RES: 8.2.4 selects make applications wait indefinitely

From
"Carlos H. Reimer"
Date:
Hi Erik,

> Are all of these remote connections from the same machine?  Did you
> upgrade your client postgres libraries on your remote machine(s) as
> well?

No, the problem happens with many machines where our Visual Basic
applications is running. After debuging the application we discovered that
the problem was always with "select *" statements. We started then some
tests to understand what was happening. This tests were done using the psql
utility from a Windows Postgresql 8.2.4 server against the SUSE PG 8.2.4
production server.
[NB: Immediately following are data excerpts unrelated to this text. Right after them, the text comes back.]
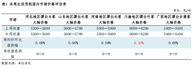 上周生活用纸市场价格平稳运行,场内整体交投氛围清淡市场情绪趋于谨慎状态。原料纸浆市场价格区间整理为主市场实际成交状况一般,生活用纸成本面支撑作用不足;生活用纸终端下游需求未见明显起色,部分纸企出货速度放缓行业整体开工率维持较低水平。综合来看,当前供需博下预计短线内生活用纸市场价格或区间盘整,重点关注原料浆价的变动及需求端订单释放节奏变化。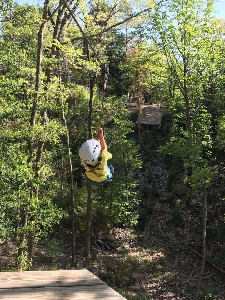 身長110cm、5歳から体験可能。コンティニューラインという、一度安全確保のためのコネクターをセットすれば、地上に下りるまでコネクターを付け換える必要のない、より安全なシステムを採用しています。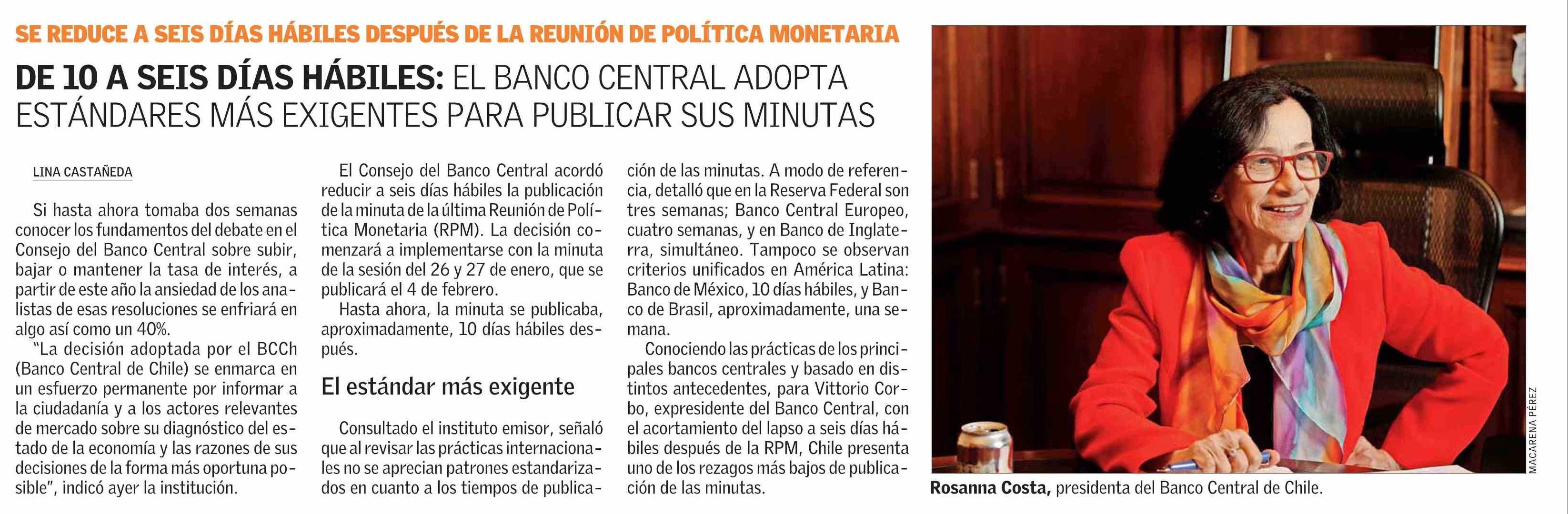 DE 10 A SEIS DÍAS HÁBILES: EL BANCO CENTRAL ADOPTA ESTÁNDARES MÁS EXIGENTES PARA PUBLICAR SUS MINUTAS
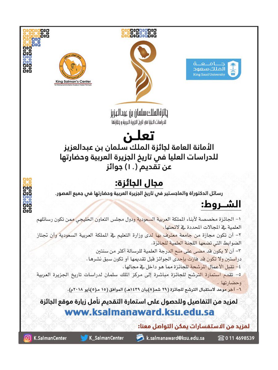 يعلن المركز عن بدء التقدم لجائزة الملك سلمان للدراسات العليا في تاريخ الجزيرة العربية و حضارتها و المخصصة لرسائل الدكتوراه و الماجستير المتميزة للسعوديين و أبناء دول مجلس التعاون الضوابط http://ksalmanaward.ksu.edu.sa/ar/condetion استمارة التقديم http://ksalmanaward.ksu.edu.sa/sites/psalmanaward.ksu.edu.sa/files/attach/stmr_ltqdym_lljyz.pdf …pic.twitter.com/45Va1ssZoO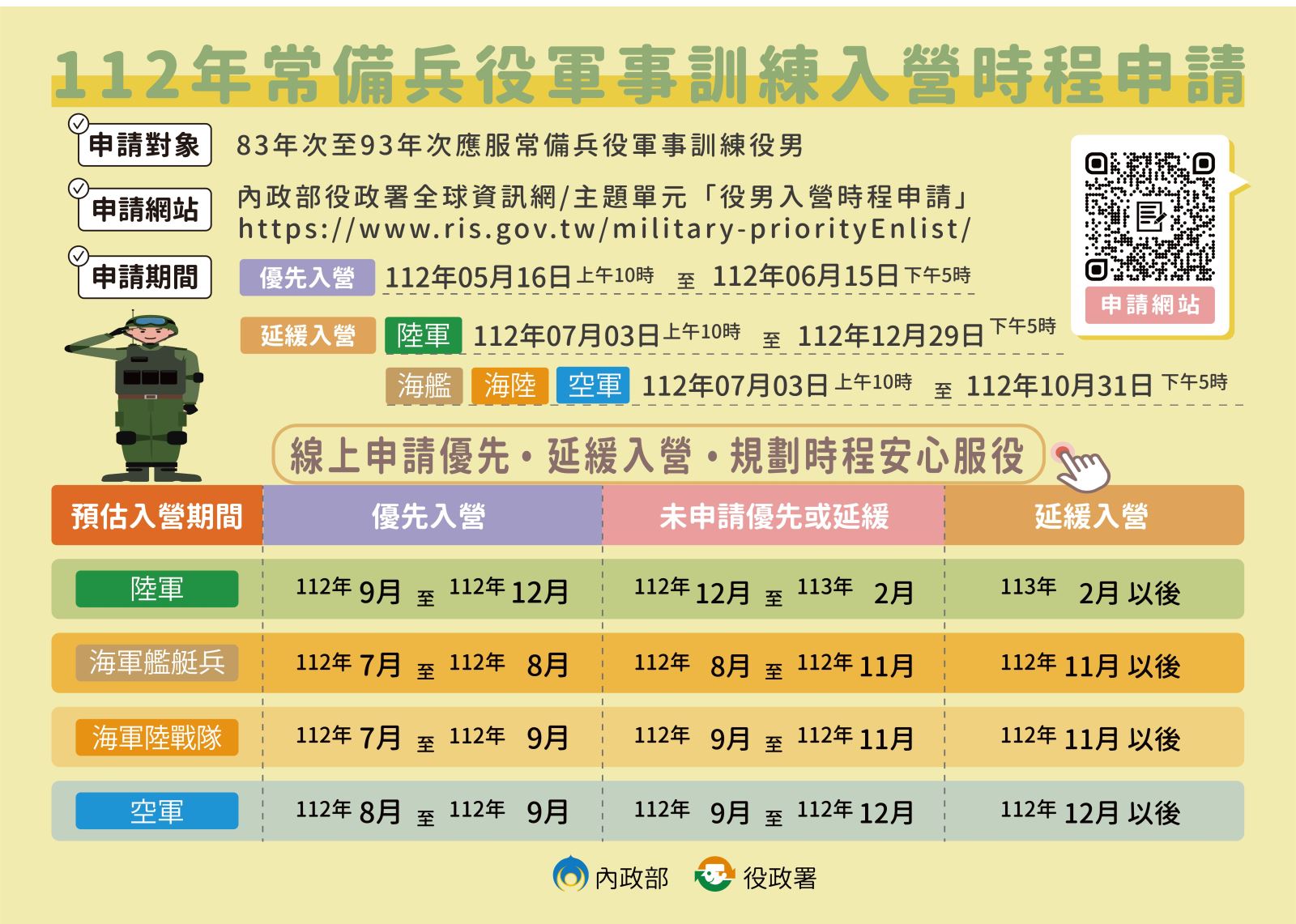 內政部辦理112年應接受常備兵役軍事訓練役男,申請優先入營或延緩入營案

Using this Windows server we make all the other tests
against the SUSE PG 8.2.4 production server.

Reimer


RES: 8.2.4 selects make applications wait indefinitely

From
"Carlos H. Reimer"
Date:
Some new data about this issue:

SELECT * or naming all the columns locks the client application. Yesterday
I´ve wrongly said that when naming all the columns instead of using the *
the applications did not lock.

I can not reproduce the problem in others 8.2.4 servers.  I´ve others 8.2.4
servers and I´m able to do the "SELECT * from tb_produtos where codigo=5002"
and always using the same windows psql client. I´ve transfered the table to
the other 8.2.4 servers using the pg_dump/psql sequence.

If I create another database in the same server, and transfer the table with
a pg_dump/psql in this new database the problem persists.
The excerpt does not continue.